One parent of a high-achieving Cambridge/AICE student emphasized something that we hear all the time: our modern, internet-based world has created a crush of information. “There were many things that were surprising because it was so different from when I applied to college. First, there is so much information, data and opinions available for students and parents to sort through without a real basis or understanding of how the admissions evaluation process works…. After a while, all the websites seem to say the same thing, and the admissions talks start to sound the same.”
Unfortunately, the process is ever-changing. You cannot assume that having navigated a child through the application process even a year or two ago will pave an easy road today. Having someone with experience and up-to-date information to guide your child in the thought processes and nuances of constructing endless college essays cannot be emphasized enough. But on whom can you rely?
Don’t expect high school counselors to give you the quantity or quality of help that you want. Regardless of their experience, counselors don’t have a lot of time to devote to individual students. “The lack of human resources available in our high school to help each student that wants to attend college is alarming, because sorting through this information is a full-time job…. The limited funds and resources most schools provide students and their families has not changed from when I was in high school.”
Another parent was even more dramatic: “I was at times astounded by the unhelpful, lackadaisical attitude and sheer incompetence demonstrated by some of the staff upon whom you must rely. That being said, I have nothing but accolades for the overworked guidance counselors who give their all, but are inundated by the number of students and the diversity of those needy souls seeking assistance.”
Students on the cusp of adulthood often need both independence and supervision. Yet without someone to guide them, parents struggle with how involved they should be – or can be – in the college application process. One parent of a usually self-motivated International Baccalaureate student explained the helpless plight: “My biggest challenge was in deciding limits of how much to be involved with the whole process. I felt very uncomfortable with him pushing things to the very last minute. Keeping things organized and making sure my son followed through on the to-do list was hard. In the end, I had to just let him take ownership of the process.”
Another IB parent echoed that sentiment: “The only advice I have for parents: This isn't about you!”

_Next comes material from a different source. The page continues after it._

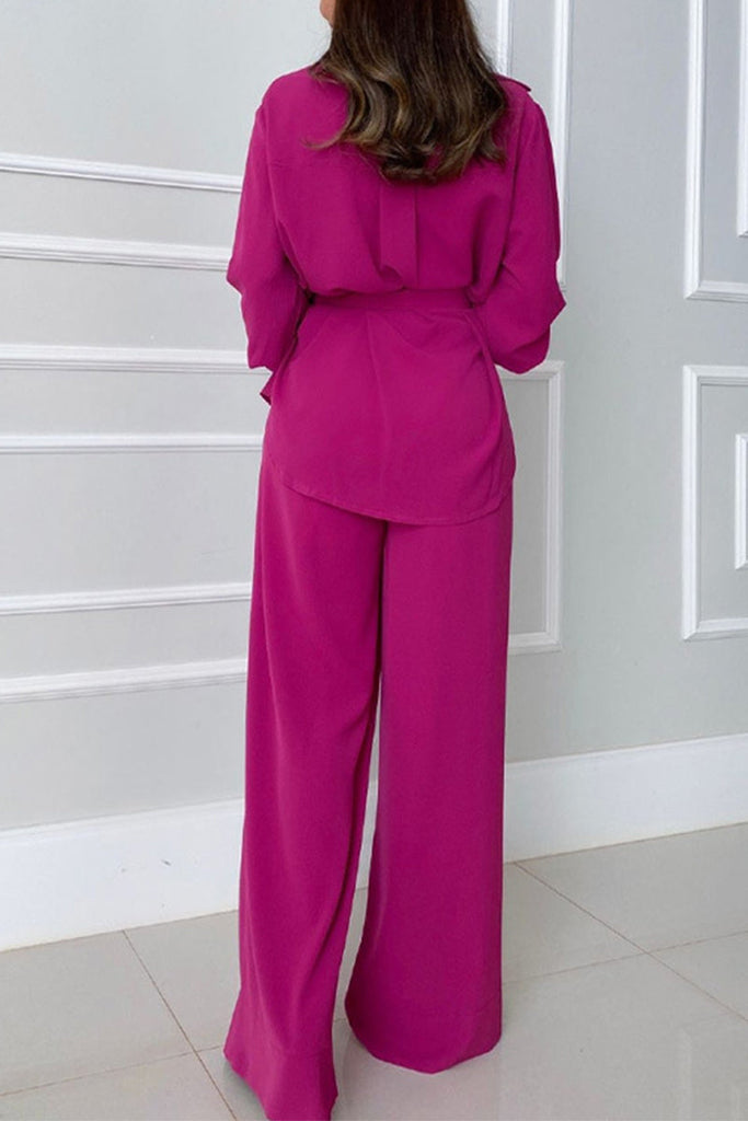 Imagine if you could be satisfied and content with your purchase. That can very much be your reality with the Casual Solid Bandage Turndown Collar Long Sleeve Two Pieces GJ002.

Leaving home for higher education is a transitional, evolutionary moment for young adults, and the college application process can be maddening. The overriding advice from parents? Get some help. It is often said that “it takes a village” to raise a child, and that is especially true with college admissions. To navigate the process successfully, consider making this a team effort involving students, parents, school counselors, test tutors, and college and career consultants.